Food allergy is more common in people with eczema, but it is not a cause of eczema. It can fuel symptoms, therefore a change in diet may help prevent the eczema getting worse.
Ms Goss said: ‘I had suffered with mild eczema as a child but on certain parts of my body. This was all over Jay which made me question whether it was a food intolerance rather than eczema.
‘We started to cut certain foods out of his diet to pinpoint the direct cause, but were at a loss when his skin problems continued.
‘We spent so many sleepless nights cuddling Jay who would be crying and itching aggressively at his skin. My partner and I felt so helpless and we were desperate for an answer.’
After months of little success at home, Jay was referred to a children’s hospital in Brighton to test for food allergies.
Ms Goss said she would spend sleepless nights cuddling Jay who was scratching his skin
Ms Goss said Jay now enjoys bath time and his eczema hasn’t flared up
WHAT IS ECZEMA?
Eczema is an inflammatory condition of the skin that leads to redness, blistering, oozing, scaling and thickening.
It usually appears in the first few months of life and affects around 10 per cent of babies.
Eczema’s cause is not fully understood but it is thought to be brought on by the skin’s barrier to the outside world not working properly, which allows irritants and allergy-inducing substances to enter.
It may be genetic due to the condition often running in families.
As well as their skin being affected, sufferers may experience insomnia and irritability.
Many factors can make eczema worse. These may include:
- Heat, dust, soap and detergents
- Being unwell, such as having a cold
- Dry skin
There is no cure for eczema, however, 70 per cent of childhood sufferers no longer have the condition in their teens.
Patients should avoid known triggers for flare ups and use emollients.
Source: British Skin Foundation
Ms Goss said: ‘Due to many food diaries and logs completed over time, the consultant and I narrowed down 16 food types to test.
‘Fortunately for him the results came back all clear of no allergies, but left us still in a position of not knowing the cause.
‘Still having concerns, we were referred to the dermatology department where they confirmed that the skin problems were eczema.
‘The dermatologist prescribed him with a much stronger steroid cream which cleared the rash up and now we use an emollient daily to keep it under control.’
But the family were still struggling with bath time.
Ms Goss said: ‘His skin became so sore that having a bath, something which is usually fun for parents and their children, became a horrible experience for us.
‘Bath lotions and soaps were causing his skin to worsen.
‘He would scream in pain.
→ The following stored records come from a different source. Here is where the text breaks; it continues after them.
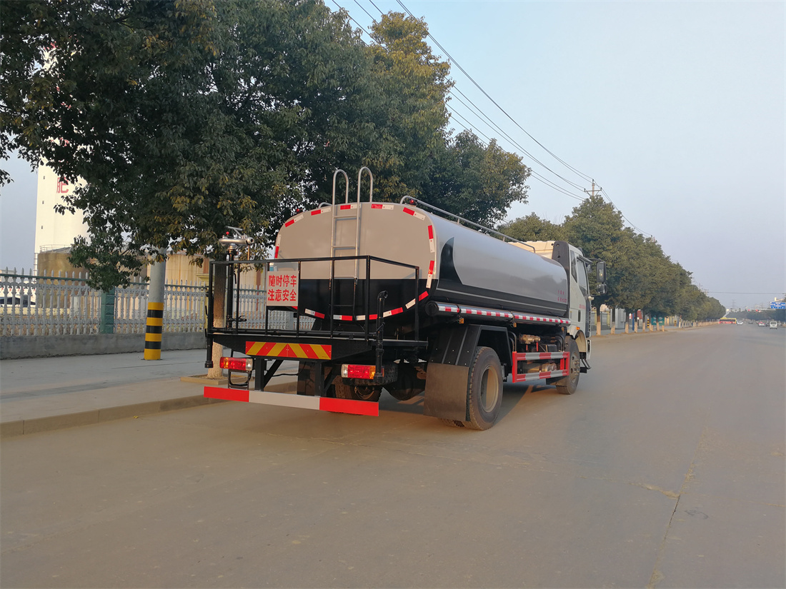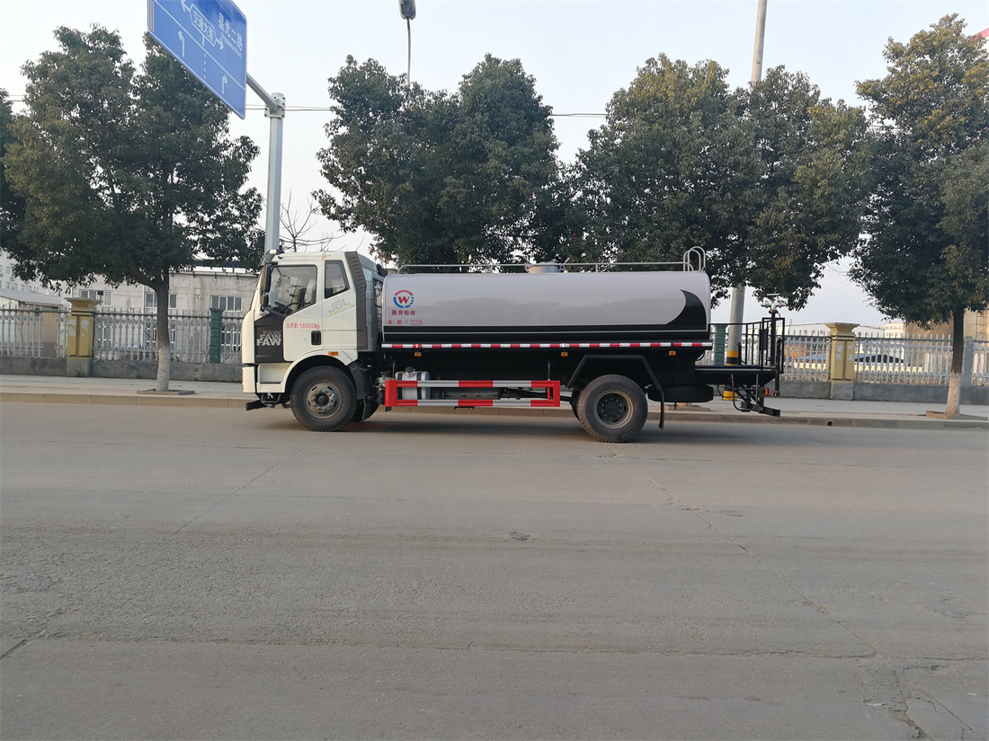 灑水車前裝有鴨形噴嘴或圓頭沖嘴,后面裝有圓柱開灑水噴嘴或蓮蓬頭噴嘴,后部有一工作平臺(tái),裝配有水炮。后部還可裝8個(gè)噴嘴(選裝)。
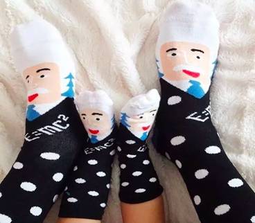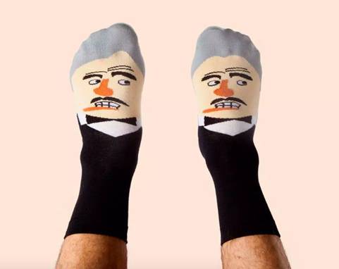 除此之外,每只袜子都有话要说,他们都被配上了该名人语录改编的 ChattyFeet 版语录,皮得很。
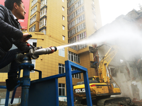 “濕法”拆建防揚(yáng)塵
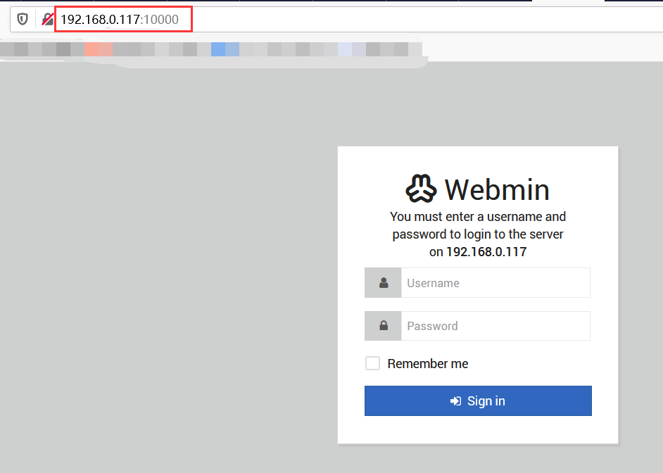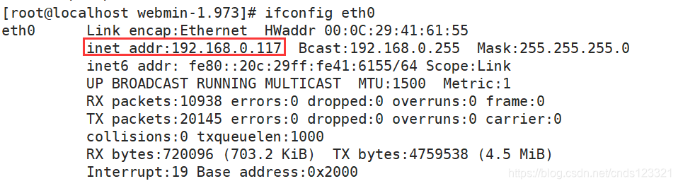 然后可以通过http://Linux系统IP地址:10000/进行访问,这里的IP地址如下图,所以在Windows系统下浏览器的地址栏输入http://192.168.0.117:10000/

We had to refrain from using any lotions, soaps or bubbles on him as this aggravated the skin and resorted to quick baths using just water and a sponge to clean him.’
Ms Goss’ mother-in-law recommended a brand called Oilatum which she had used to help her with a very rare skin condition.
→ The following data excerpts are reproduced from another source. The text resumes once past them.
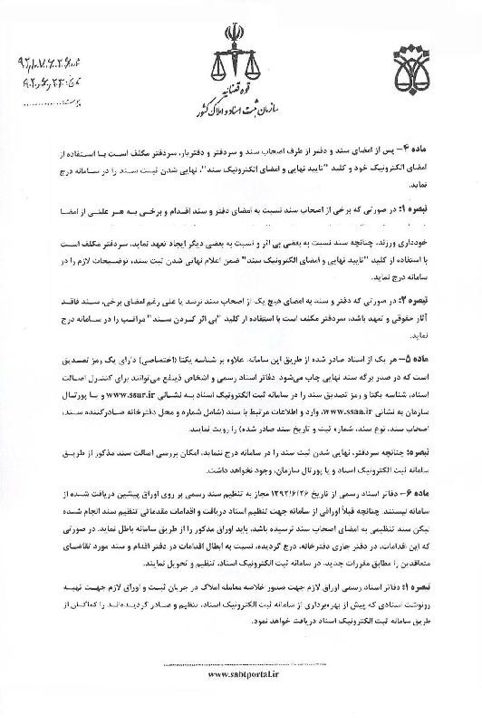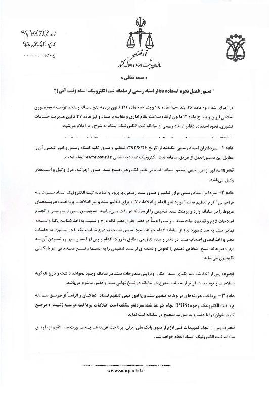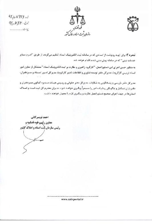 معاون محترم امور اسناد سازمان، مدیران محترم کل ثبت اسناد و املاک استانها ، کانون سردفتران و دفتریاران نظارت لازم جهت حسن اجرای بخشنامه را معمول خواهند داشت.
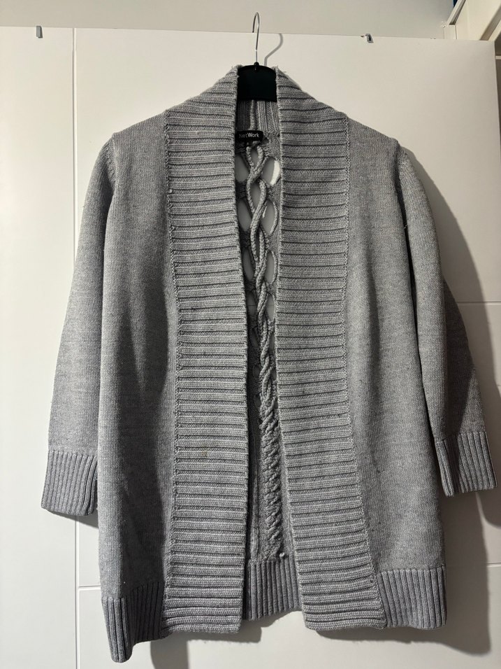 Gri örgü kadın hırka, notched yaka ve askılı kollu bol kesimle midi boyda. Günlük kullanıma uygun, rahat ve desenizdir. Arka detayi cok hos, sayili kullanildi
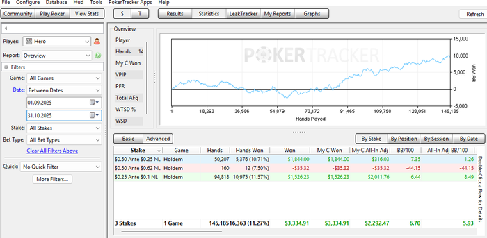 Отыграл 150к раздач, уже больше нравится как играю, меньше необдуманных действий, диапазоны четко веду во время игры, стараюсь автоблефы не пропускать и подбирать все споты которые плохо лежат) Не все конечно идеально, есть куда расти, буду стараться.
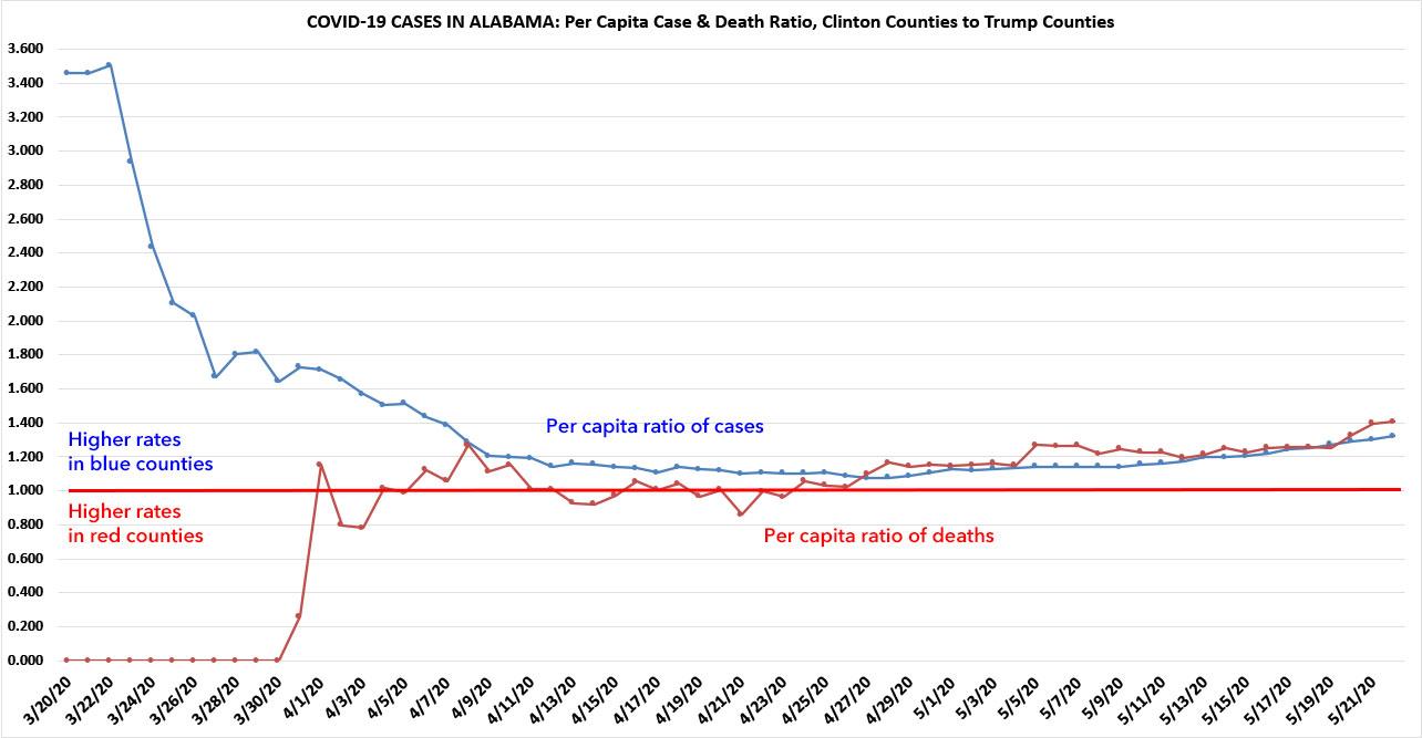 To clarify: On 3/20, Alabama COVID-19 cases were split exactly 50/50 between blue and red counties...but of course the population of those red counties is far higher; on a per capita basis, it was 0.049 per thousand in the blue counties vs. just 0.014 per thousand in the red ones. That's a ratio of 3.45:1. By 4/20, the per capita cases were 1.139/1,000 vs. 1.016/1,000, or just 1.121:1...in other words, cases had reached near parity on a per capita basis. Since then this trend has slowly reversed, however, reaching around 1.3:1 again as of yesterday.
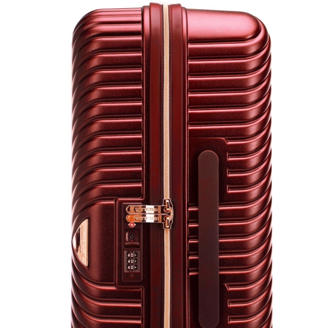 Szykowna, pojemna i niezawodna – ta duża walizka z kolekcji GL Style to propozycja dla kobiet, które oczekują od bagażu czegoś więcej niż tylko funkcjonalności. Wykonana z trwałego polikarbonu o matowym wykończeniu, przyciąga wzrok subtelnym połyskiem oraz eleganckimi okuciami. Jej wyjątkowy design to połączenie geometrycznych paseczków i kobiecej estetyki, które wpisują się w najnowsze trendy mody.

Ms Goss now uses both Oilatum Head to Toe wash and the Oilatum Bath Foam daily and said: ‘Jay’s skin has never looked better.
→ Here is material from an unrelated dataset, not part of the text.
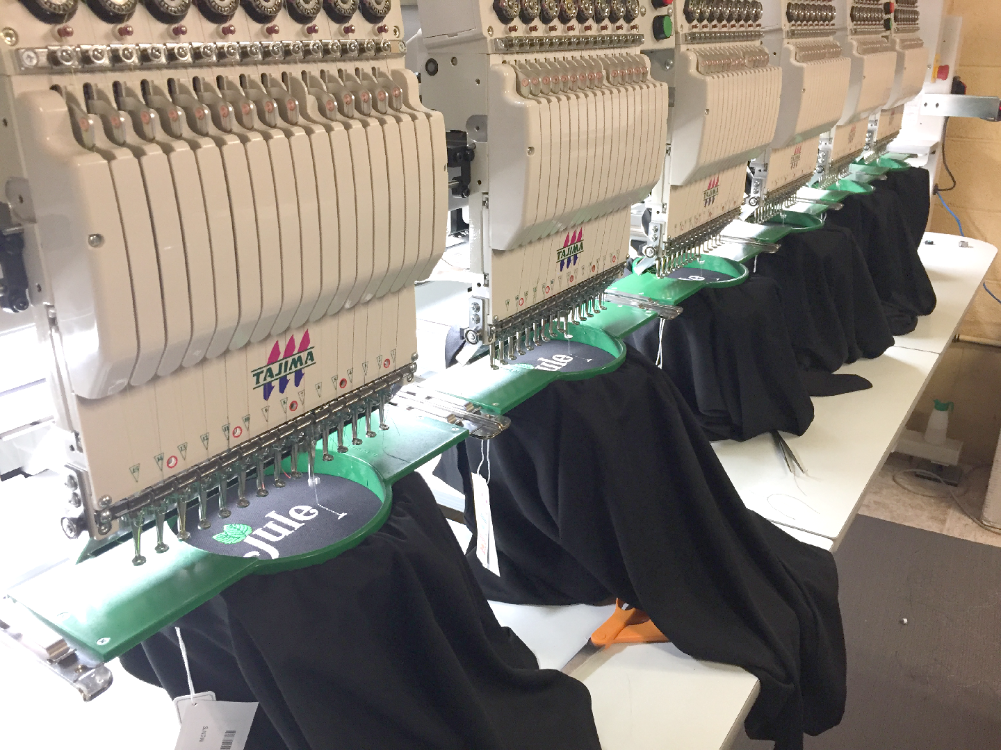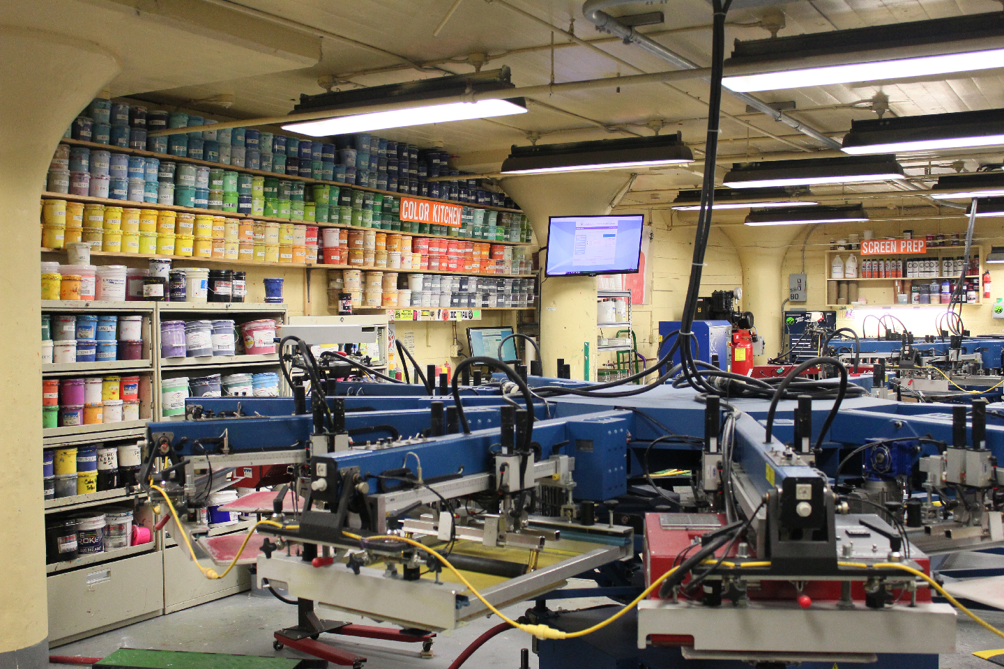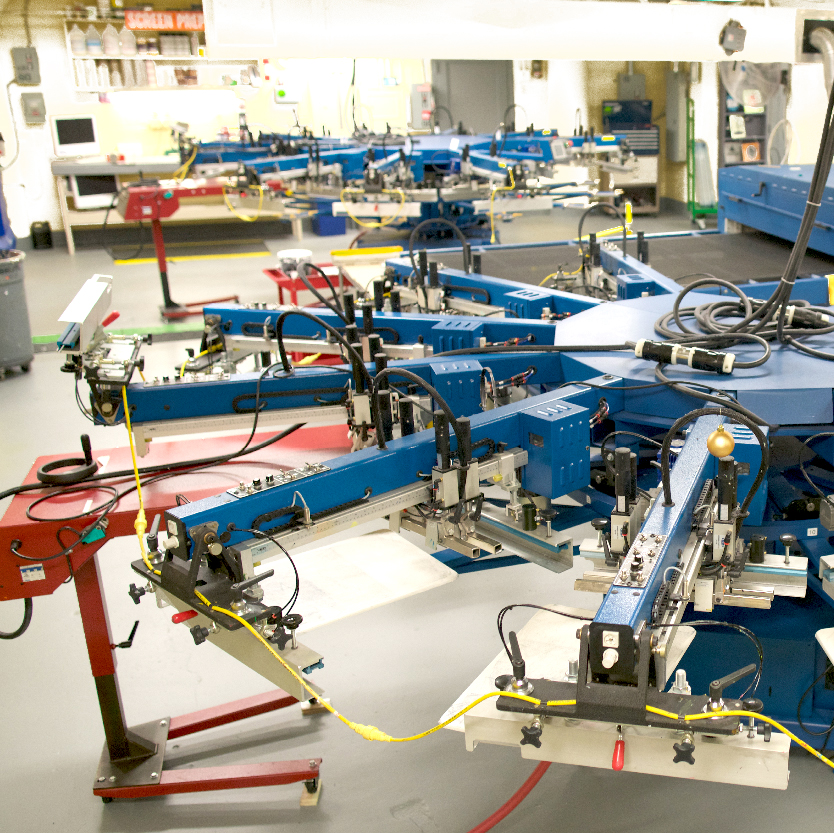 We have a modern, state of the art screen print production floor with multiple automatic presses capable of producing high volume orders in short amounts of time.

‘It’s not come up in any kind of rash, nor has his eczema been irritated by these products.
‘This result feels like a huge success for parents who have had a long time of watching their children in pain, especially during bath time when soaps can cause stinging.
‘Jay can now enjoy his bubble bath, a normal part of childhood, without us having the constant worry of repercussions.’